Well as should be clearer now I am not suggesting that the altered state is a distraction per se. On the contrary (ie with the ‘rite of passage’) the altered state is an invaluable reminder for the alienated and disempowered cultural mind that is grown within each of us from our birth here. It is more that these realms are only other and altered inasmuch as our established cultural institutions have become cut loose from their proper moorings. On that – a proper institutional mooring – is when our institutions work in harmony with human becoming, empowerment and individuation. And as for what grounds that airy concept – well, for me, it is the undeniable recognition at the heart of Salvia space that, in the final reckoning, all is I, and I am all. Forever.

The question is not therefore – are power plants valuable and necessary parts of human living?. But rather – are they necessary today to remind you of who/what you are?. Which in my terms is another way of saying – are you alienated from yourself in this x (fill in as specifically applies)? If you need them specifically, then commune with them, if you do not – then why bother?

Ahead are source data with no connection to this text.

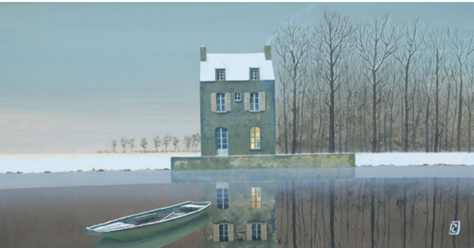
Un soir de janvier - 42 x 80 cm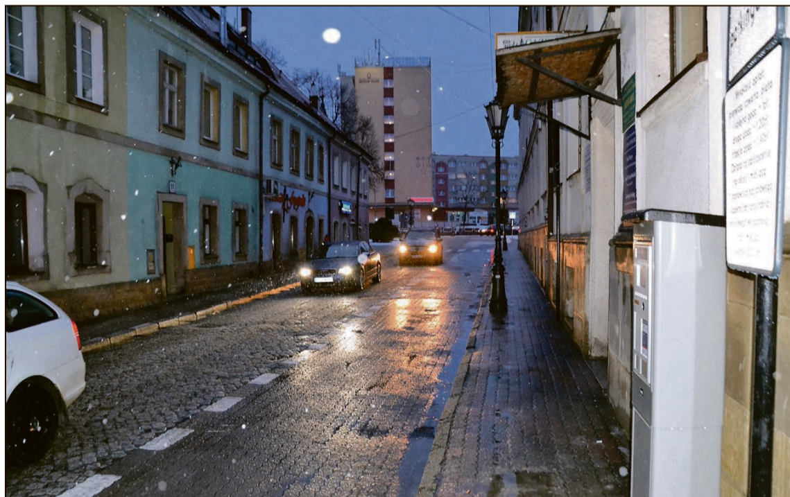
Puste parkingi kwadrans przed 8 mogą świadczyć o tym, że wcześniej pozostawiali tu swoje auta kierowcy, którzy następnie szli na cały dzień do pracy

Najbardziej zadowoleni są przedsiębiorcy, których sklepy czy też punkty usługowe zlokalizowane są w rejonie płatnych stref. – Dzięki temu, że parkingi nie są przepełnione, nasi klienci mają gdzie się zatrzymać i ich rotacja jest zauważalnie większa.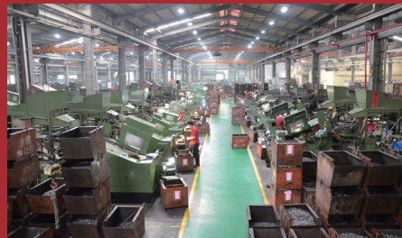
圖3.4.5. 井然有序的工作環境，廠內擁有40套生產設備、2套熱處理設備。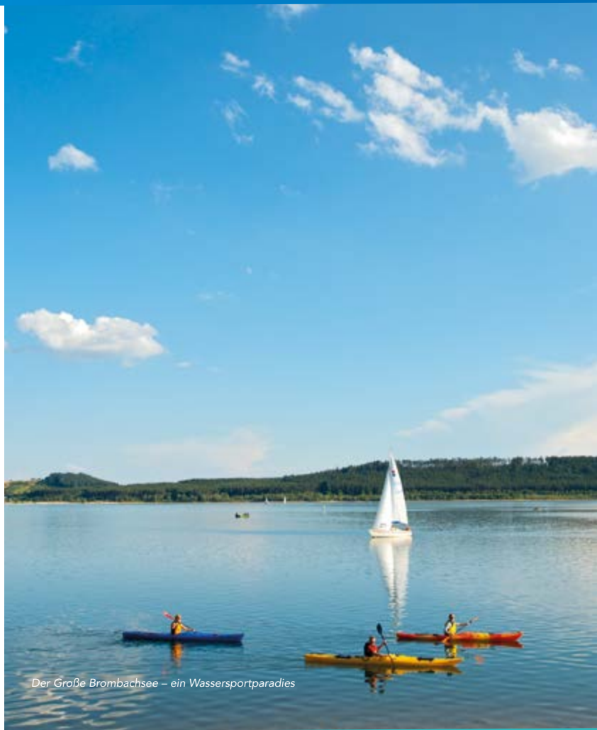
Der Große Brombachsee – ein Wassersportparadies

Gemeinde Röttenbach | Rathausplatz 1 | 91187 Röttenbach Tel. 09172 69100 | www.roettenbach.de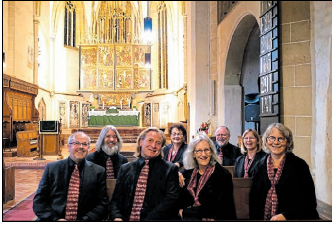
Das Collegium canorum Lobaviense gibt mit Musik und Power-Point-Präsentationen Impressionen von der Reise im Oktober 2024 weiter.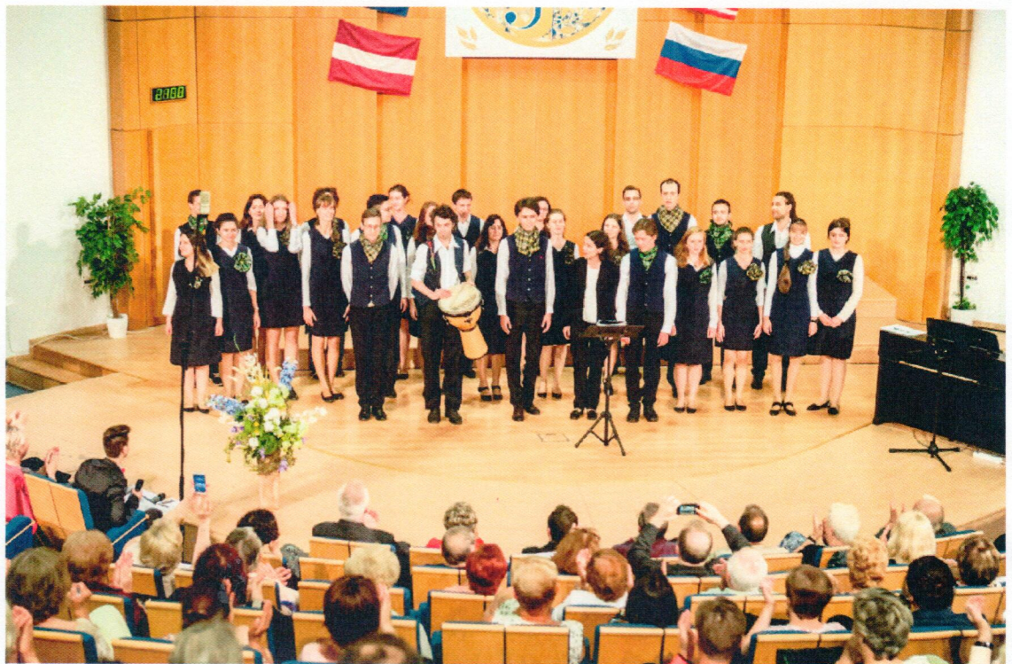
AULA PARDUBICKÉ univerzity hostila soutěžní klání mezinárodního festivalu pěveckých sborů IFAS 2016. Zúčastnilo se jej na 500 pěvců z celého světa.

V řadě koncertů a pěveckých vystoupení nejen v Pardubicích zazněla přehlídka světových písní. Soutěžní části dominovali novozélandští zpěváci, neztratily se ale ani domácí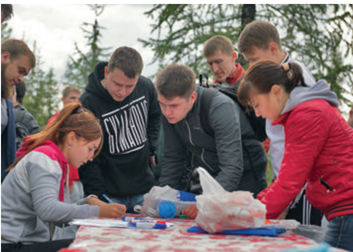
Познакомились, подружались, стали командой. Тренинг помог!

Служба по связям с общественностью и СМИ

And as for what is ‘useful’ about such notions of living in infinity here. Well, to conceptualise it in pretty blunt (and also somewhat kantian) terms -–it is a reminder that infinity, the magical realm revealed by power plants – is not Other, but ourselves and our birthright, it is already here. Our culturally inherited image of ourselves is actually partly true – but it is by no means complete or the final say. Now, our cultural inheritance is telling absolutely everyone with any wits about them that unless human beings change, their daily actions, quickly (within a generation or two) - our mode of being here will perish, along with countless other dependant beings who share this place with us. If this understanding does not emphasise the ‘healing here’ shamanic role over the ‘exploring there’ role for this time and place, I don’t know what information could. The task here is a highly pragmatic one, and an apparently impossible one. I cannot think of a worthier task to set myself, via my flawed institutions. The answer cannot be wholesale rejection of all institutions, but to rebuild them, urgently, orientated towards a better world. The kantian flavour of my reasoning is that - I cannot conceive of this corner of infinity preserving itself intact if the many shamanic influences available here concentrate exclusively upon the individuating ‘voyager-explorer’ aspect of our humanity game (with or without power plants). This is the time for the social healer writ large, and power plants seem indulgent to me right now when their effects in terms of our daily actions remain loftily divorced from the actual concrete concerns of our shared earth. The first step of course, for any prospective physician – is to heal thyself. And here I am with you - what better than a power medicine? – I think on this we are agreed.

And as for fear – again I agree with you – I used ‘pain’ as a metaphor, not a correlate. I simply say this – we are very subtle beings. Fear may well indicate a hurdle to overcome, a blockage to free up, a goal to achieve. But it may also be the first, and most accurate, unsubtle indicator that all is not safe and well, so get out of there as fast as you can. ‘Context’ and the ‘individual’ are the crucial deciding factors in this – not whether you have taken a power plant or not. If you have, and you experience sheer terror – the best thing you may do is face up to it, breakthrough, move beyond, go back again. Or alternatively your very life and sanity may require that you run out of there screaming as fast as you can. I still do not know the nature of my own fear from the last Salvia lesson, and that will decide whether I ever go back.